Обрывистое плато Магнитки, облитое серым пасмурным рассветом, торчало среди мягких волн сопок странно, как письменный стол посреди пруда. Наверх через темные заросли ольхи вела единственная тропа, густо засыпанная почерневшей от влаги листвой. На ней отчетливо виднелись чуть заплывшие медвежьи следы. Нигдеев азартно потер руки.
– Обратных нет, – негромко сказал он. – На брусничнике жир наедает, даже не спускается.
Юрка рассеянно кивнул, коротко посмотрел на часы, и Нигдеев пожалел, что не нашел себе другую компанию. С раннего утра, когда Нигдеев в предрассветных сумерках заехал за ним на одолженном «уазике», Юрка сосредоточенно обдумывал что-то свое, почти не реагируя на внешний мир.
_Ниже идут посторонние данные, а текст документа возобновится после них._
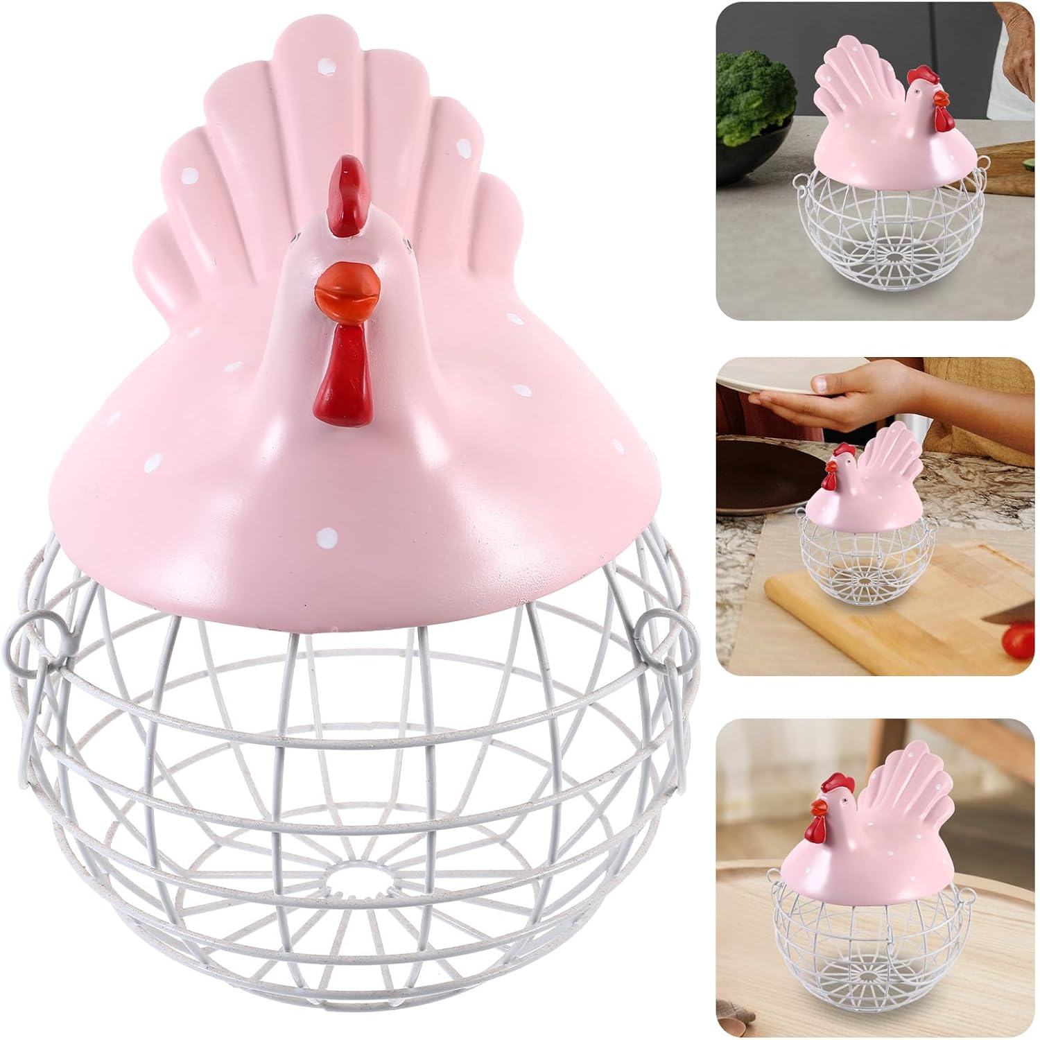 Package List 1 x chicken shape storage organizer Characteristics -Color: Random Color -Size: 31x30x24cm. -Material: Resin, iron. -Product Info:Wrought iron decorative basket - Multi-function, fits into many rooms of the house for organizing all types of items eggs storage basket. - Good for storage eggs, fruit, other foods, an essential good helper at kitchen fresh egg holder. - With its open lid design, you can also keep your eggs at the same room temperature and from an irritating food in your refrigerator egg collector. - Special chicken-shaped egg tray with fine workmanship, never run out of eggs again egg collection basket. - You can put all the eggs in a basket, it protects them from cracks eggs basket.Goods Informationeggs basket The special chicken-shaped basket is made of iron and resin, a fine storage basket for collecting eggs.egg container You even can storage vegetables and fruits in the basket also.kitchen multi-purpose basket A wonderful addition to kitchen or living room, fits into many rooms of the house for organizing all types of items

Толку от него не было. Может, наверху очухается…
Стоило выбраться на плато, и ничем не сдерживаемый ветер засвистел в ушах, заставляя перекрикиваться. Плоская вершина тянулась на несколько километров; дальний край терялся в песчаной дымке, за которой едва уловимо отливало сталью Охотское море. Внизу за спиной тусклым пятном лежал тополевый лес, серо-желтый, уже почти облысевший, а дальше – черно-белые сопки до самого пролива. На плато исчезал и след, и сама тропа: вершину почти сплошь занимала бурая сфагновая марь, заросшая ровной, будто стриженой, карликовой березой чуть выше щиколотки. Местами верховое болото разбивали ржавые выходы голой породы, мелкие бугры и овражки; плети брусники покрывали вылизанный вечным движением воздуха камень, как брызги багровой эмали. Ягода здесь росла на удивление крупная – будто назло постоянным, непредсказуемым ветрам.
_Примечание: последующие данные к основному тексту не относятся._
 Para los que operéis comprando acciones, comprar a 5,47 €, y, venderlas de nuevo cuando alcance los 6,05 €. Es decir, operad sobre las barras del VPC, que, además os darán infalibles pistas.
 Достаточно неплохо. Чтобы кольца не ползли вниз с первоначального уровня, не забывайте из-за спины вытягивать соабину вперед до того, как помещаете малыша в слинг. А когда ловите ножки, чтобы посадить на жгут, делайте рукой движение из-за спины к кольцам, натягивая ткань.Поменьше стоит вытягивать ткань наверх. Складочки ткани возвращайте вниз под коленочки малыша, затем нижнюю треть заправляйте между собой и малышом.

А с ветром сегодня повезло: мокрые порывы били прямо в лицо, унося прочь запахи людей. Они несли с собой горечь соли и водорослей, чайную сладость болот. Нигдеев, щурясь, обвел дымчатый горизонт хозяйским взглядом. Где-то на плато бродил медведь, которому некуда было сбежать, кроме как обратно к тропе. Добыча. Зверь. Матерый. С подхода возьму. Забыв о спутнике, Нигдеев мысленно перебирал старые, пропахшие порохом и табачным дымом слова, от которых замирало в груди и блаженно щекотало в горле.
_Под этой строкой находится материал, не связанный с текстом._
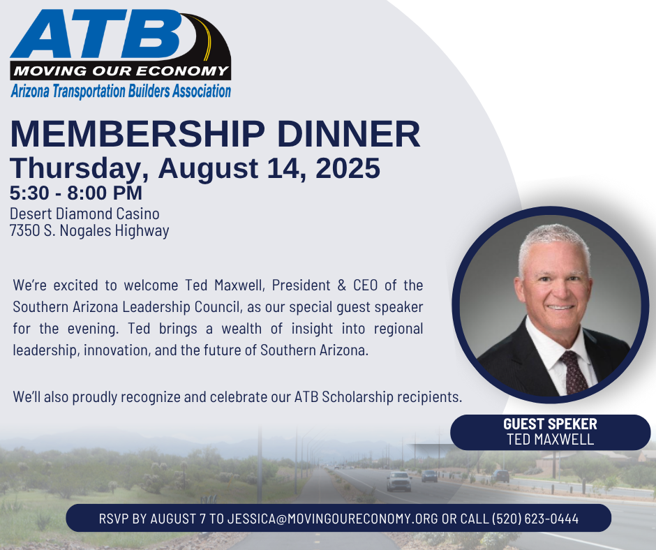 Open to ALL Memberships, this meeting includes updates from ARTBA, ADOSH, City of Tucson, Pima County, Towns of Marana and Oro Valley, local utilities, and many more.

От крутого подъема пересохло во рту. Нигдеев сгреб горсть брусники и, заранее кривясь, бросил в рот. Тут же до боли свело челюсти, слюна струйками ударила в нёбо, но он упрямо жевал. На вкус брусника была как ветер: кислота сменилась сладкой горечью, от которой щекотало в носу, горькой сладостью, той самой, что наполняла сейчас пасть медведя, которого они пришли убить. Это было странно и хорошо. В этом было что-то древнее, что-то от тех времен, когда колдовство являлось частью мира: стать зверем, чтобы убить зверя. Нигдеев невольно шевельнул ноздрями, чувствуя себя дикарем, сильным и вольным, способным уловить в сплетении запахов густую медвежью струю.
– Эх, хорошо здесь, – тоскливо протянул Юрка и снова взглянул на часы. – Так бы и остался здесь, не возвращался бы.
– Что, со скандалом ушел? – спросил Нигдеев, возвращаясь в реальность. – Что ты все на часы смотришь, опаздываешь, что ли?
– Да нет… не то что бы… Глупостей всяких навыдумывала… А я что поделаю? Поклялся вот, что вечером обязательно в кино сходим. – Юрка пожал плечами. – Спиногрыз ее доводит. Что ни день – то истерика, все ему не так, сил уже нет. Два года всего сопляку, а уже… – Юрка махнул рукой: – Да черт с ними.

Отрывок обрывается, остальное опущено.